No room for purists. Let that sink in.
The New Job Requirements
PMG filled 190 roles in 2025, with 80 of those being "early career" positions. They're planning similar numbers for 2026. But the roles have changed. The focus now: software development, engineering, and AI automation. Not account management. Not traditional creative.
At Cramer-Krasselt, head of HR Alexa Bazanos confirmed that AI expertise has become a standard interview topic. Candidates need to demonstrate not just familiarity with AI tools, but solid use cases that prove they actually know how to use them.
70% of workplace skills are predicted to change by 2030, according to a recent LinkedIn study. In agencies, that change is already happening.
The Judgment Question
But here's the twist: being good at AI isn't just about knowing the tools. It's about knowing when to use them — and when not to.
Sarah Smith, PMG's talent enablement senior director, noted that "vibe coding" is now common even in non-technical roles. Candidates are using AI to prototype and automate solutions. "It's not about knowing how to write perfect code," Smith explained. "It's about what good looks like."
And over-reliance on AI is a red flag. Smith described interviews where candidates leaned too heavily on AI tools without bringing their own perspective: "At the end of some of these interviews... all they were doing was using AI. They didn't bring a point of view."
There's an irony here. Agencies want candidates who can use AI fluently, but not candidates who use AI so much that their humanity disappears. The skill isn't prompt engineering. It's judgment.
Schools Are Scrambling
Traditional portfolio schools still feed the industry, but agencies are increasingly looking at colleges with dedicated AI modules. PMG's Stacey Martin singled out the University of Texas as an example of a school that's keeping up.
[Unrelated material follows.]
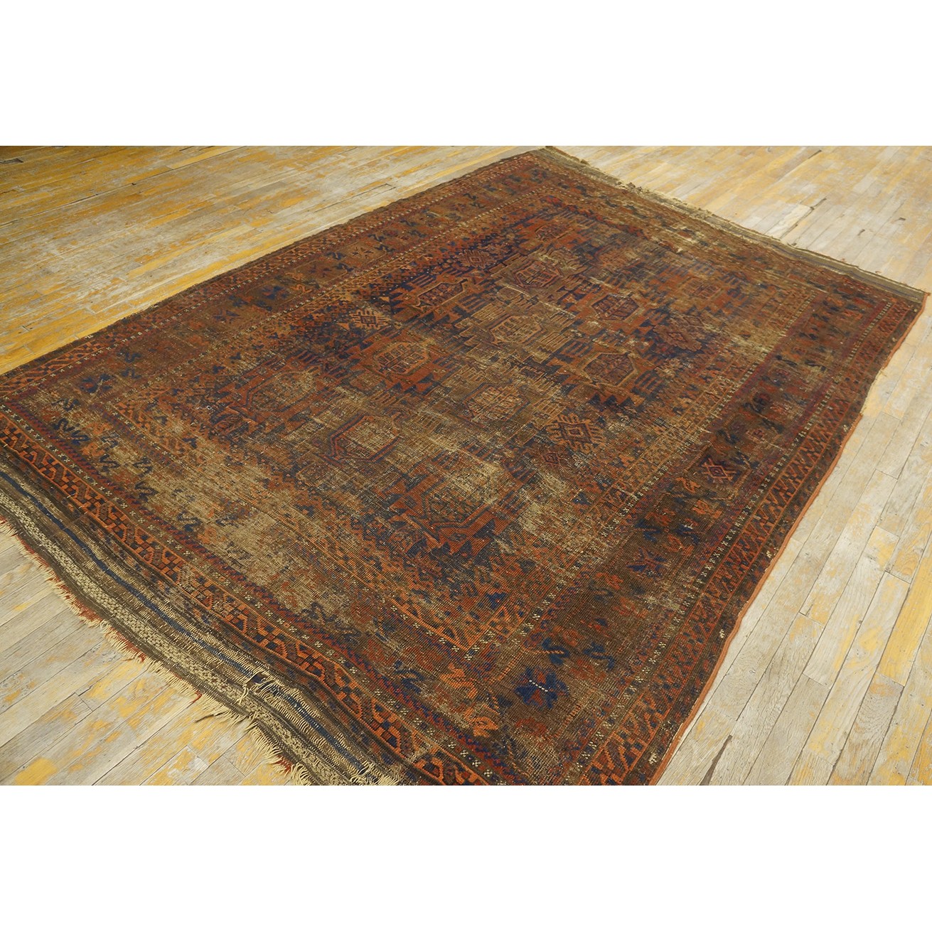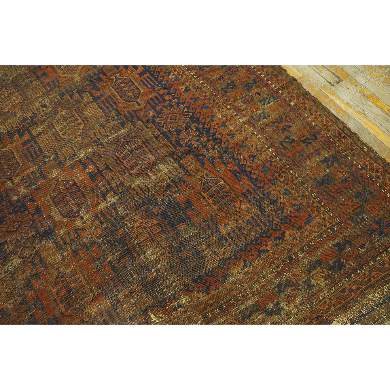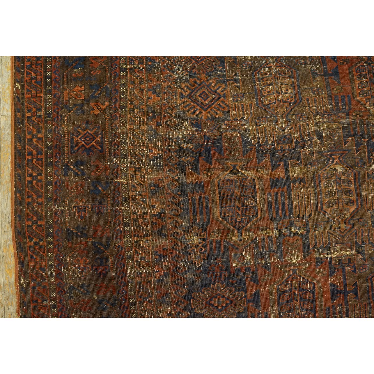 DescriptionBaluchA name given to (mostly) pile rugs woven by Indo-European Tribal groups in Easter Iran (Khorossana nd Sistan Provinces) and Northwest Afghanistan (Herat Prov.). The true Baluch tribes of Baluchistan do not weave pile rugs of excellent wool, the sizes tend to be small, up to 5 x 7, with a few older large carpets. The tones are dark blues, camel, reds and purples with white accents. In older pieces the colors are jewel-like and the texture is velvety. The tribes dwell in black goat-hair tents and migrate seasonally. Saddlebags, pillows, animal trappings and other small items are woven. Camelfield player rugs are particularly characteristic and desirable. Most examples are inexpensive, but a serious collector market exists for the best. | |

"We are now leaning more heavily towards schools that are more forward thinking, rather than teaching the ways of the past," Smith added.
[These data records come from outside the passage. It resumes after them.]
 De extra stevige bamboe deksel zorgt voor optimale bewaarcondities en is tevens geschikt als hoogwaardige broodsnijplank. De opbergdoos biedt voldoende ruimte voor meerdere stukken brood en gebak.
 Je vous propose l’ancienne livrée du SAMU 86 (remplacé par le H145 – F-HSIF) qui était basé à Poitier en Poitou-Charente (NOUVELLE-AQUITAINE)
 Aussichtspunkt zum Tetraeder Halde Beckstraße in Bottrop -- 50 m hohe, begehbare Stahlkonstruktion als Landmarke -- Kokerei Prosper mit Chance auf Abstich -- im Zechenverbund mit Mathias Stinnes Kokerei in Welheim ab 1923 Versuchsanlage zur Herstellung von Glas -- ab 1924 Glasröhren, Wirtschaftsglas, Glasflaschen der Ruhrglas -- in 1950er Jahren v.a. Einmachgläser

This is a shot across the bow of every ad school and creative portfolio program that hasn't figured out how to integrate AI into their curriculum. The industry is moving faster than education can keep up.
The Junior Job Apocalypse?
Here's the dark cloud on the horizon. 36% of CMOs expect AI to result in reduced headcount over the next 12-24 months, according to Spencer Stuart research. If AI can do entry-level work, why hire entry-level people?
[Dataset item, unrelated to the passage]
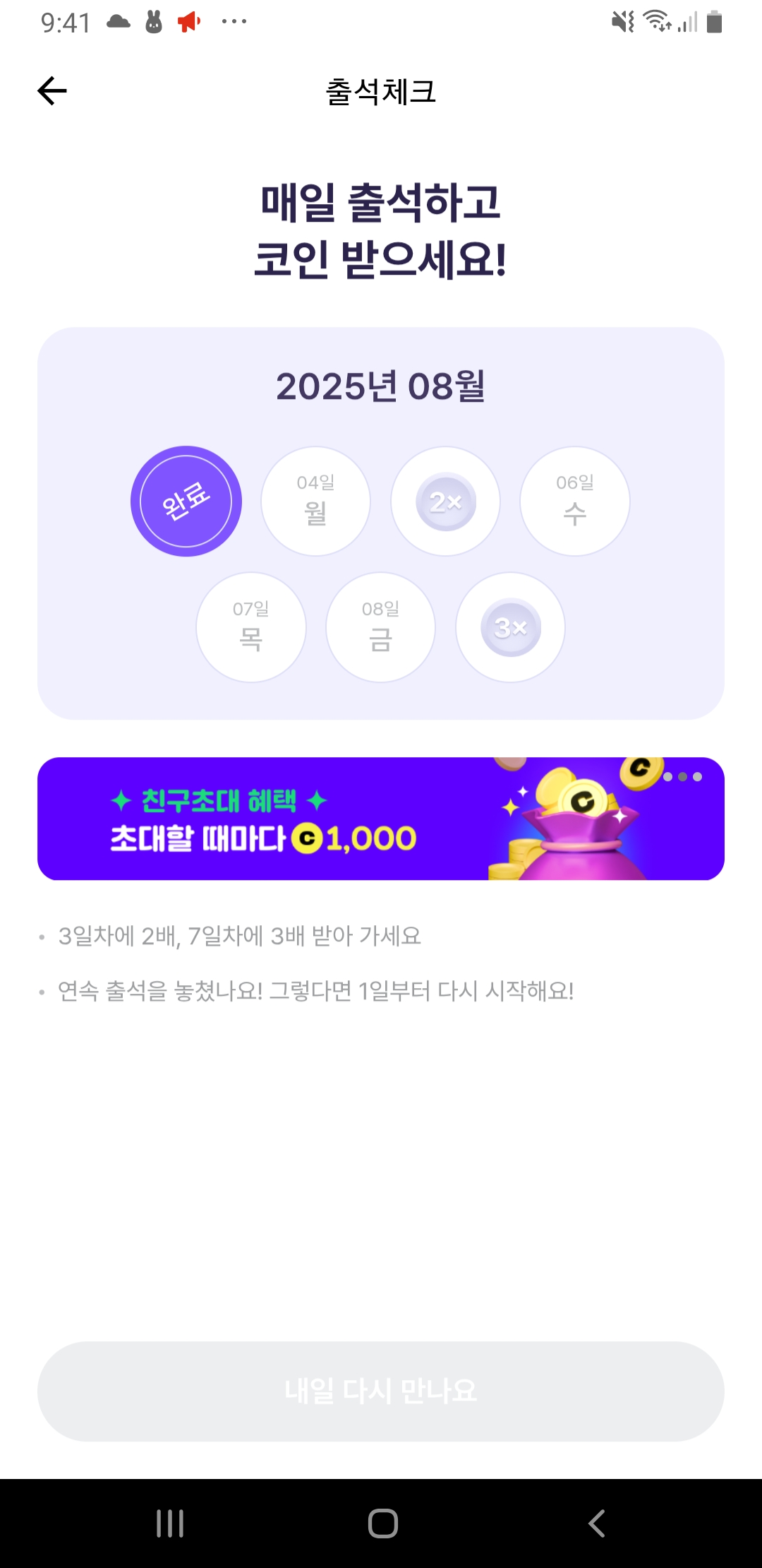 - 출석과 걷기를 모두 달성하면 하루 루틴 완성!

Bazanos at Cramer-Krasselt said AI hasn't impacted junior hiring yet. But she added the caveat everyone's thinking: "I think we're going to see that happen much more in the next couple years."
The traditional agency career path — start as a coordinator, learn the business, work your way up — may be getting compressed. AI can do the work that junior people used to cut their teeth on. If you don't come in with skills, you might not get in at all.
"There's no room for purists." That's not just about technology preferences. It's about survival.